By Gwen Rockwood, newspaper columnist and mama of 3
For the past month or so, I’ve been waiting for Mother Nature’s punch line. Because the unusually mild winter and the spring-like temperatures in February and March felt like a practical joke. I resisted the urge to pull out my sandals, and I’ve kept my winter coat hanging right by the door.
I didn’t want to warm up to the idea of an early spring only to have the green, grassy rug pulled out from beneath me. I knew if I got excited about 70-degree days, I’d surely wake up one morning to a foot of snow and a week full of school snow days.
But today’s cloudless sky and 80-degree temperature has made me a believer. Spring has come and winter really is over, even though it feels like it never came.
And I know why it never came. It’s because I bought snow boots. I was caught unprepared during the previous winter’s record-breaking snowfall, so I learned my lesson and bought snow boots for the whole family in early November. As far as footwear goes, we were ready for a blizzard. And that’s precisely why we never got anything other than a few flakes that looked more like a dusting of powdered sugar on the lawn.
If you enjoyed the mild temperatures last winter, you can thank me and the five pairs of new, untouched snow boots lined up by our back door.
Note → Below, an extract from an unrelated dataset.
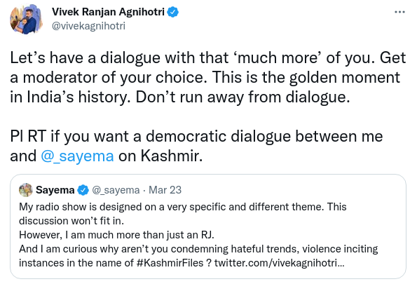 "However, I am much more than just an RJ. And I am curious why aren’t you condemning hateful trends, violence-inciting instances in the name of #KashmirFiles?", she asked. Replying, Agnihotri said, "Let’s have a dialogue with that ‘much more of you. Get a moderator of your choice. This is the golden moment in India’s history. Don’t run away from dialogue."

By next winter, the kids will have outgrown the new snow boots which means we’ll probably get a snowy smack down in November, so mark your calendars. Mother Nature has a wicked sense of humor.
Even though I’m thrilled about spring’s early arrival, I’m not so happy about what came with it. A painter who was working on our back deck last week told me he saw a black snake slither out from under it. He said it was a really big snake, spreading his arms out wide to show me the length. I’m guessing snakes woke up and crept out early this year to sun themselves in the warm weather.
Just knowing the big snake is out there somewhere is making me nuts. I’m still trying to house-train our new beagle puppy, Charlie, so I have to accompany him outside and praise him profusely anytime he manages to do his business on the grass instead of my carpet. But it’s tough to go into the yard and watch Charlie when I’m constantly scanning for the snake.
Every time I step onto the deck, I imagine a huge black snake lounging there in one of my deck chairs, wearing sunglasses and sipping on a mojito. Then once I’ve cleared the deck and have confirmed he’s not underfoot, I start imagining he has slithered up a tree and is waiting to fall from a low branch onto my head. So I stay busy searching for the snake, looking down and then up and then down again. Meanwhile, poor Charlie has already peed and waits not-so-patiently for his praise and treat.
Don’t bother saying that black snakes only eat mice and aren’t the least bit dangerous. My head may realize it’s true, but my gut instinct isn’t buying it. In my book, there are no “good snakes”. Poisonous or not, any snake sighting would surely induce a heart attack, and heart attacks fall squarely in the “not good” category.
So hurray for sandals, sunshine and the smell of honeysuckle. But one thing is certain: If I ever do spot that snake, I will most definitely have a big “spring” in my step.